GIVEN MATERIAL —

=======

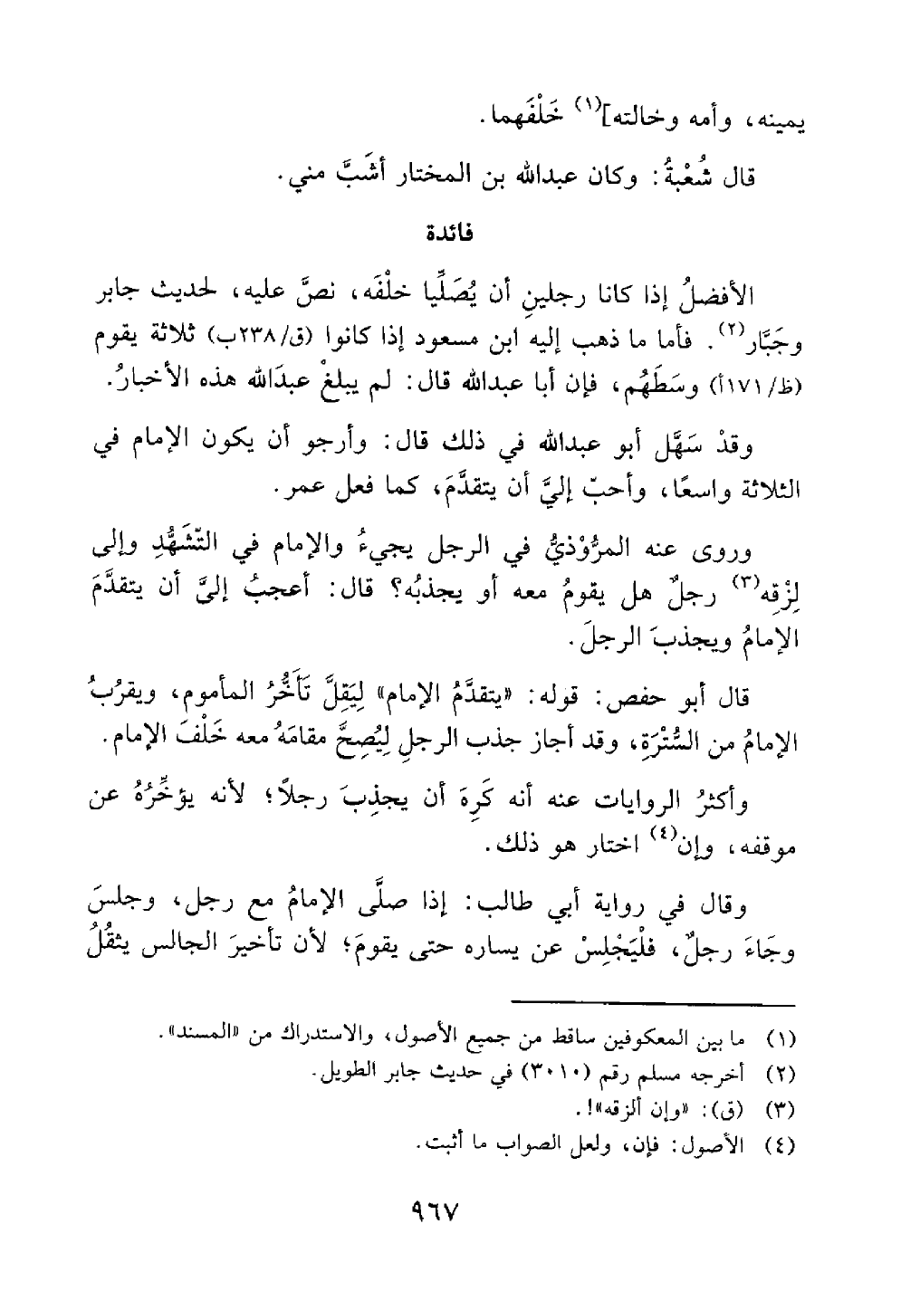 الأفضل إذا كانا رجلين أن يصليا خلفه نص عليه لحديث جابر وجبار فأما ما ذهب إليه ابن مسعود إذا كانوا ثلاثة يقوم وسطهم فإن أبا عبد الله قال لم يبلغ عبد الله هذه الأخبار
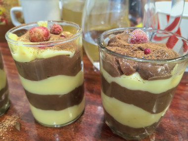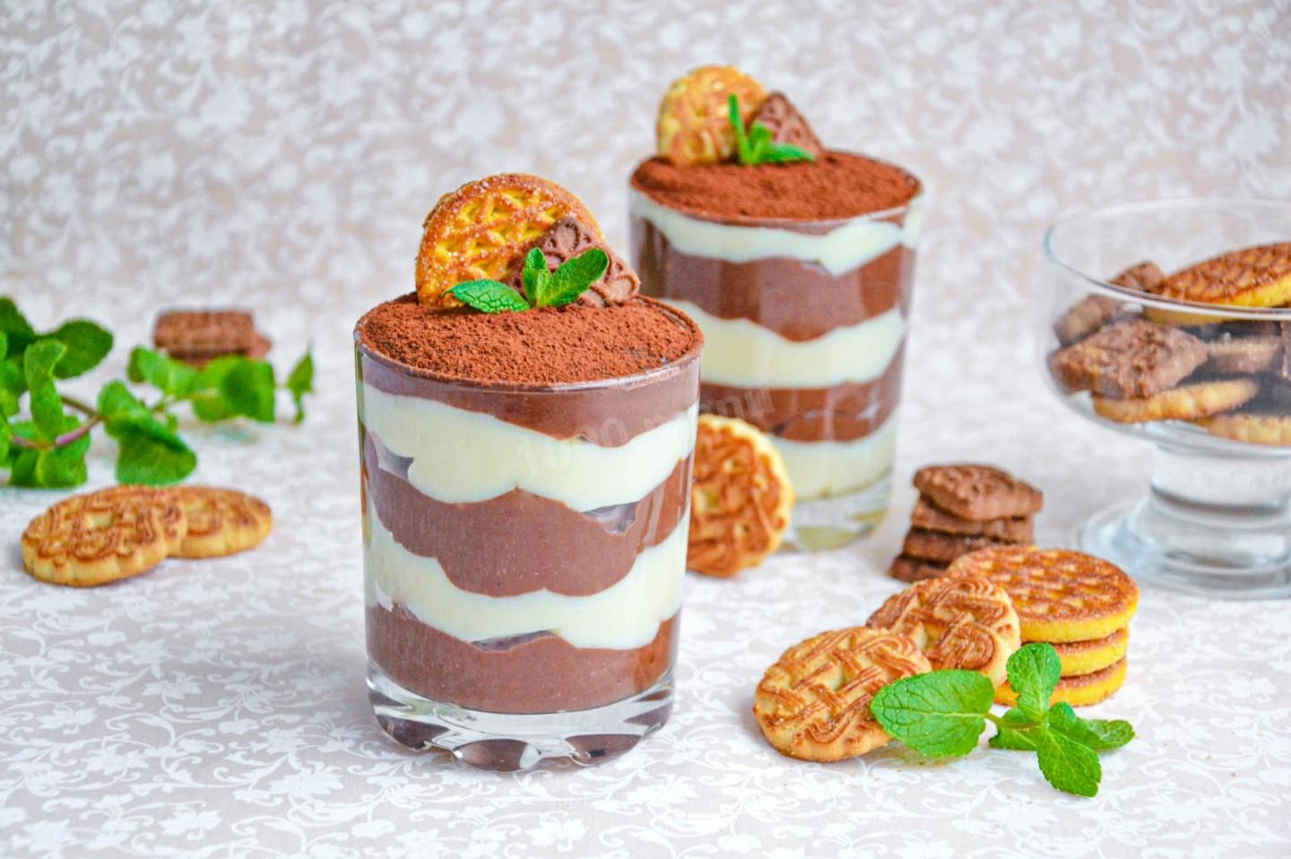 Чередуя слои, отсадите в стаканы обе массы. У вас должен получиться десерт слоями, белым и шоколадным. Можете сами выбрать толщину слоев. Даже неровные они будут красиво смотреться в прозрачном стакане. В качестве дополнительной прослойки можно использовать поломанное на кусочки сахарное печенье. Готовый десерт поставьте на 30 минут в холодильник. Перед подачей посыпьте десерты какао, украсьте печеньем и мятой.
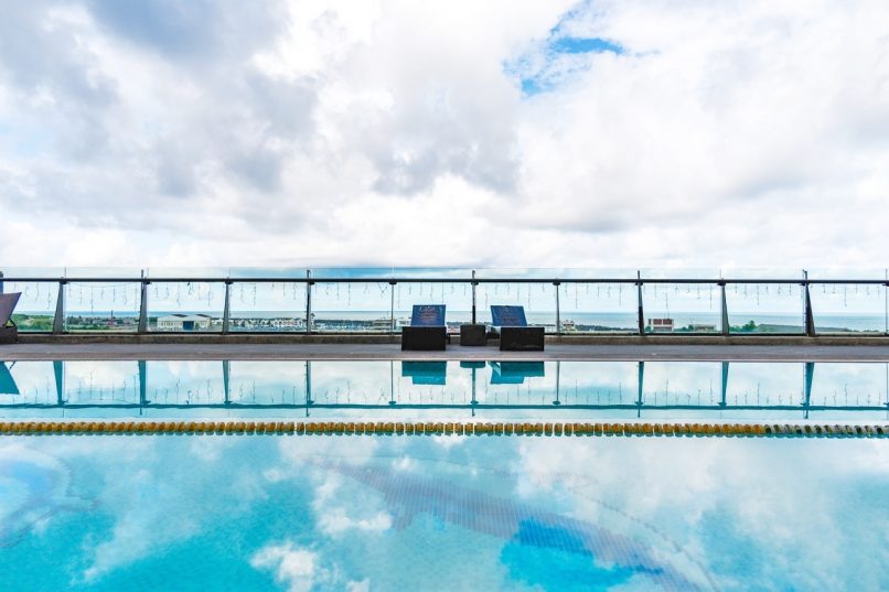▲ 疫情逐漸解封,但飯店防疫還是不馬虎,泳池會有服務人員定時清消,躺椅也都有測量保持一定的距離

=======

EXERCISE DESCRIPTION —
This task calls for the lines from the line holding "Чередуя слои, отсадите" through the last line above, restated word for word with both ends included and the pictures dropped.

EXPECTED ANSWER —
 Чередуя слои, отсадите в стаканы обе массы. У вас должен получиться десерт слоями, белым и шоколадным. Можете сами выбрать толщину слоев. Даже неровные они будут красиво смотреться в прозрачном стакане. В качестве дополнительной прослойки можно использовать поломанное на кусочки сахарное печенье. Готовый десерт поставьте на 30 минут в холодильник. Перед подачей посыпьте десерты какао, украсьте печеньем и мятой.
▲ 疫情逐漸解封,但飯店防疫還是不馬虎,泳池會有服務人員定時清消,躺椅也都有測量保持一定的距離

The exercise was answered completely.